#### RECORDS TO USE:
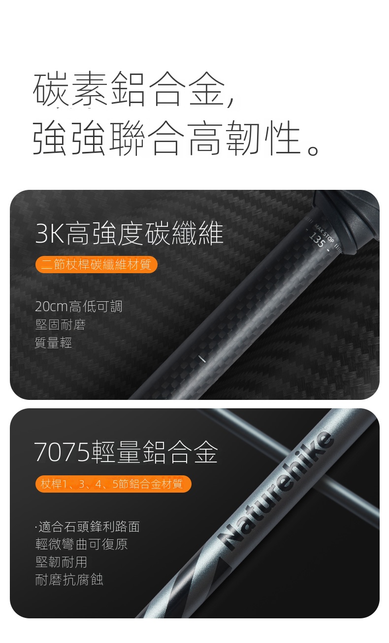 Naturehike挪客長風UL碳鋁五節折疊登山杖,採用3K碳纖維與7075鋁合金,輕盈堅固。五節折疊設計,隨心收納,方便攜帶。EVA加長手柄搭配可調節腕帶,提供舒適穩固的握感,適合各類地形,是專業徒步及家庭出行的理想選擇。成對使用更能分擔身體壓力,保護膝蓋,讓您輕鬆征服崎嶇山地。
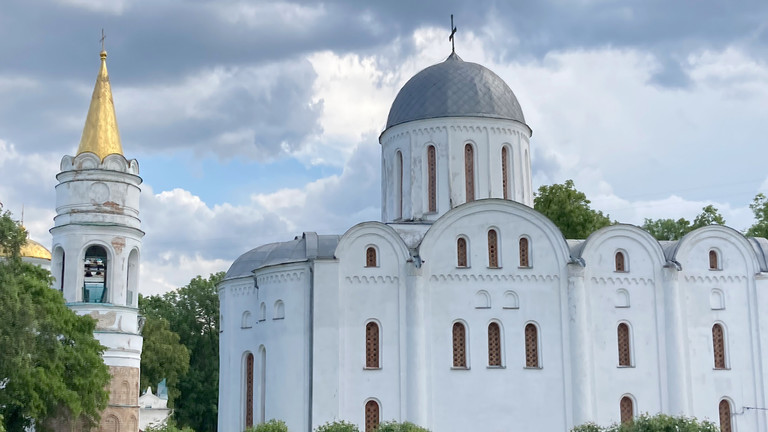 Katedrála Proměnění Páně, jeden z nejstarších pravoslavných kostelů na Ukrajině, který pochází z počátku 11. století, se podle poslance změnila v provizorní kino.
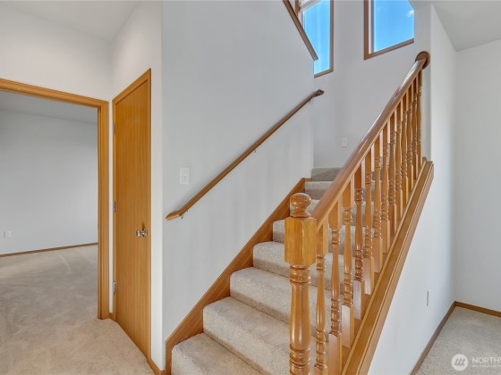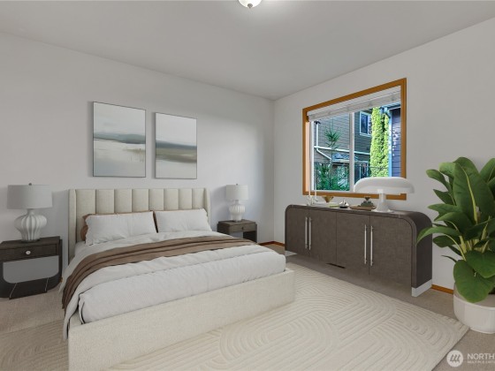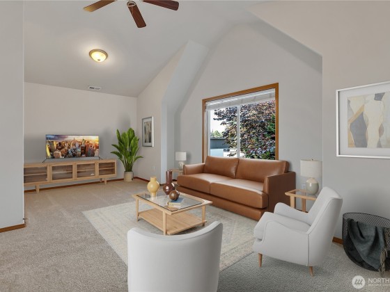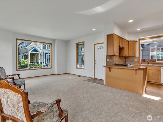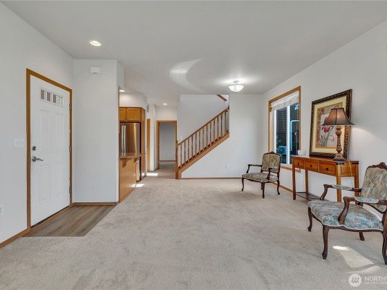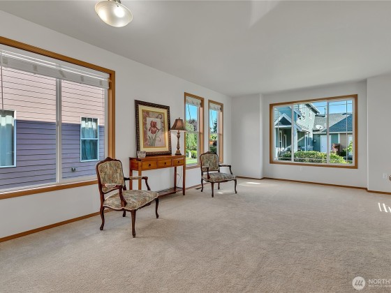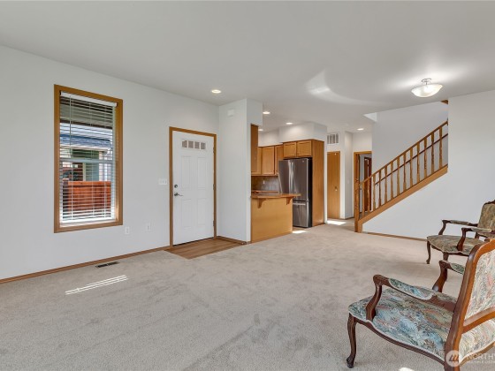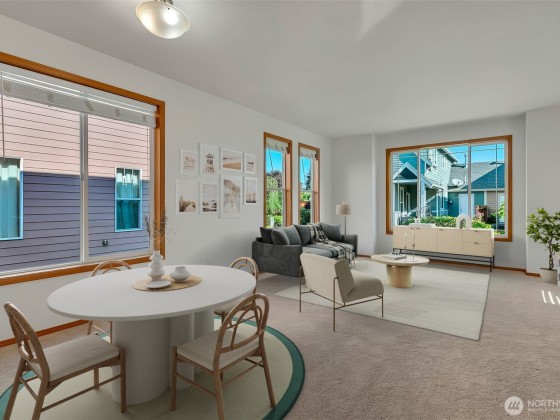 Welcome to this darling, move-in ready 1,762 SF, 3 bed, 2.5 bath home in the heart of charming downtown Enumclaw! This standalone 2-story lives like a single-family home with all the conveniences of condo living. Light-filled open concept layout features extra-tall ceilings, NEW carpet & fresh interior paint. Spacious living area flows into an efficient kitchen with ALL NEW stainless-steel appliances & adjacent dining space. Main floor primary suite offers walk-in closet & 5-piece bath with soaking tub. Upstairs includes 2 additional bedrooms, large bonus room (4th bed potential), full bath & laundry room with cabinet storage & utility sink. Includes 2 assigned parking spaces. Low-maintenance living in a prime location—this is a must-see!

--

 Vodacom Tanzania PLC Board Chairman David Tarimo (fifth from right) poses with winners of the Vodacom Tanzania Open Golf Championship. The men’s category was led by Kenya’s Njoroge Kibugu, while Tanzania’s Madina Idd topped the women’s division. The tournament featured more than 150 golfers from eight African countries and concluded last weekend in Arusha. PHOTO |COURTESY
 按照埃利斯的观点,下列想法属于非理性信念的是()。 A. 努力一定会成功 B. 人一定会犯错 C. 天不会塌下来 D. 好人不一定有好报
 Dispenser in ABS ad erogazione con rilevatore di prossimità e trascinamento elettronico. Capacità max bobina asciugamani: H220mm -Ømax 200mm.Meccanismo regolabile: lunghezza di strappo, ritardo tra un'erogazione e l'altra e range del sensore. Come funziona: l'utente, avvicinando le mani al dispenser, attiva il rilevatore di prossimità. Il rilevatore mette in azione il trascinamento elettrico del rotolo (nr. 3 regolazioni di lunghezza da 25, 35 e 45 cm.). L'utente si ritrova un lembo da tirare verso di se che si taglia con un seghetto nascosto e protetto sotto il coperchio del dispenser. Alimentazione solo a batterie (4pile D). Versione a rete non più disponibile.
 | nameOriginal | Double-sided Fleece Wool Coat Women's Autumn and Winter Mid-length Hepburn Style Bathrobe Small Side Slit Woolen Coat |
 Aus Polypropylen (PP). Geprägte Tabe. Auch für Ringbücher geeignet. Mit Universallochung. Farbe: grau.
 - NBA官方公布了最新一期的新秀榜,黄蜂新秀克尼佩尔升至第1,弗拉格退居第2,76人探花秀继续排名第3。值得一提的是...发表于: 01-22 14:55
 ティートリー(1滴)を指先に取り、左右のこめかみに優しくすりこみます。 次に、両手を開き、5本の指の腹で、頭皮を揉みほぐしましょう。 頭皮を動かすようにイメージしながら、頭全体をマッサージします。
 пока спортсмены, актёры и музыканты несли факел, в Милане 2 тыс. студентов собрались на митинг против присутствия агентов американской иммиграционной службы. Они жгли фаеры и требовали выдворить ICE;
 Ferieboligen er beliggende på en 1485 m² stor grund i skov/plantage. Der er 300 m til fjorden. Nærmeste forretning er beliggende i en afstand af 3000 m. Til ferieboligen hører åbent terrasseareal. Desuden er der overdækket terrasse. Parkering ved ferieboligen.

#### EXERCISE AIM:
In the listing above, find the line with "Aus Polypropylen (PP)." and the line with "Ferieboligen er beliggende"; set down exactly those two lines and every line between them, nothing more.

#### ANSWER TO THIS TASK:
 Aus Polypropylen (PP). Geprägte Tabe. Auch für Ringbücher geeignet. Mit Universallochung. Farbe: grau.
 - NBA官方公布了最新一期的新秀榜,黄蜂新秀克尼佩尔升至第1,弗拉格退居第2,76人探花秀继续排名第3。值得一提的是...发表于: 01-22 14:55
 ティートリー(1滴)を指先に取り、左右のこめかみに優しくすりこみます。 次に、両手を開き、5本の指の腹で、頭皮を揉みほぐしましょう。 頭皮を動かすようにイメージしながら、頭全体をマッサージします。
 пока спортсмены, актёры и музыканты несли факел, в Милане 2 тыс. студентов собрались на митинг против присутствия агентов американской иммиграционной службы. Они жгли фаеры и требовали выдворить ICE;
 Ferieboligen er beliggende på en 1485 m² stor grund i skov/plantage. Der er 300 m til fjorden. Nærmeste forretning er beliggende i en afstand af 3000 m. Til ferieboligen hører åbent terrasseareal. Desuden er der overdækket terrasse. Parkering ved ferieboligen.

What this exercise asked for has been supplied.